Finally Apple isn't a "web company", nor is Microsoft or the majority of
'large corporations'.

> "...unless the encryption was provided by the carrier and the carrier
> possesses the information necessary to decrypt the communication"

I don't think I need to say very much here.

Regarding Apple's encryption there's lots of good information about how very
little it actually does and can do. There was also a hacker news thread with
yours truly.
[https://news.ycombinator.com/item?id=8389365](https://news.ycombinator.com/item?id=8389365)

Regarding the 'antiquated' FOIA doc - you can export strong crypto but you
backdoor it, keep the keys, or provide other ways to access the data.
Blackberry's entire business model was secure communications and look where
they are today. RSA is now in a similar boat.

"Weaken encryption" does not mean 'lower the bit security under the standard
attacker model' here. In this case it means 'subvert encryption through design
or implementation flaws, key repositories, controlled PRNGs, side channel
access or designed-in systems level access to the data'. "Weaken encryption"
doesn't mean "choose smaller key sizes", it means "make the fact that
something is encrypted a weak guarantee of security and privacy."

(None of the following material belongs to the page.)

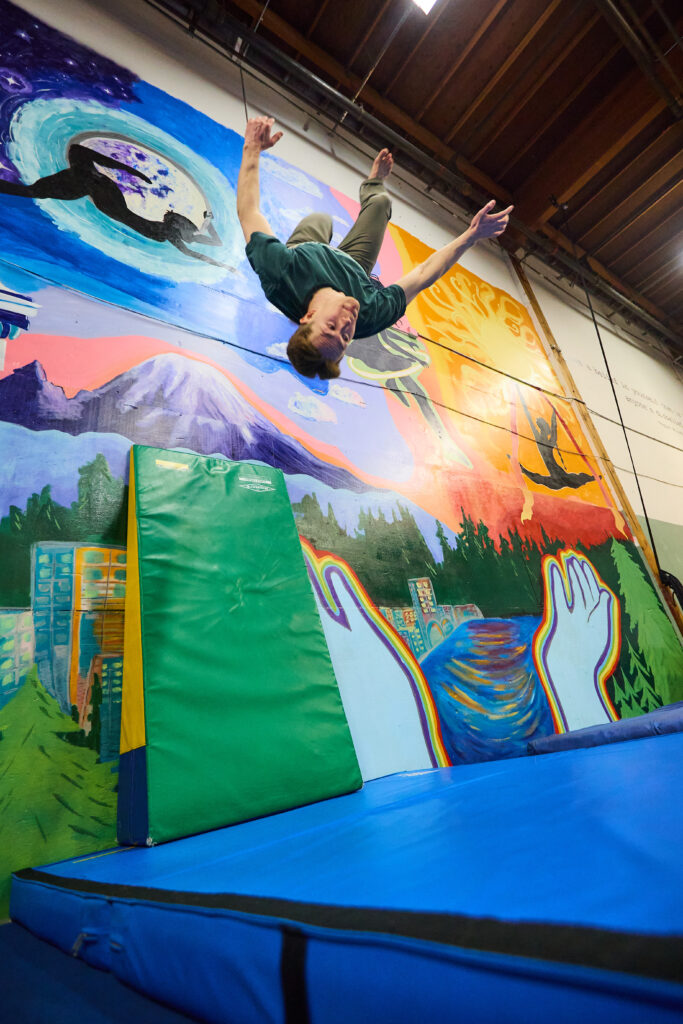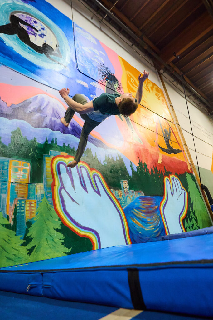 The Intensive will take place at Emerald City Trapeze Arts, located just south of downtown Seattle in the former Canal Boiler Works building in SODO. The space features padded flooring, numerous sets of safety/spotting lines, and a variety of crash mats.
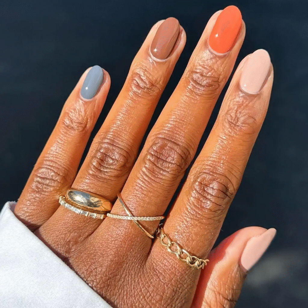 Pumpkin spice isn’t just for your latte—bring it to your fingertips too! This color-blocked manicure in warm autumn hues like orange and beige is the perfect way to show off your love for fall’s most popular flavor.

> But the Silicon Valley companies that we know and more-or-less love have
> done the opposite

Image management, nothing more. Why the public showdown? That doesn't make any
sense at all. No sir, I'm certain that corporations would like to provide
security and privacy for their customers. And they do. But not against federal
law enforcement. There are no new laws that need passing right now. The
machinery is there and we've witnessed it in action multiple times. There is
no David and Goliath story here, no heroes to be heralded. It's romantic,
alright. I wish it were realistic.

Google (and others, that we are supposed to love) fought several battles that
made it to the highest levels of court in the United States but lost. They
were then forced to comply. The United States used extreme financial leverage
to get QWest to comply (and when they still wouldn't, let/forced them to go
bankrupt).

What's changed since then? Where there some new Supreme or Circuit Court
decisions that have depreciated the former?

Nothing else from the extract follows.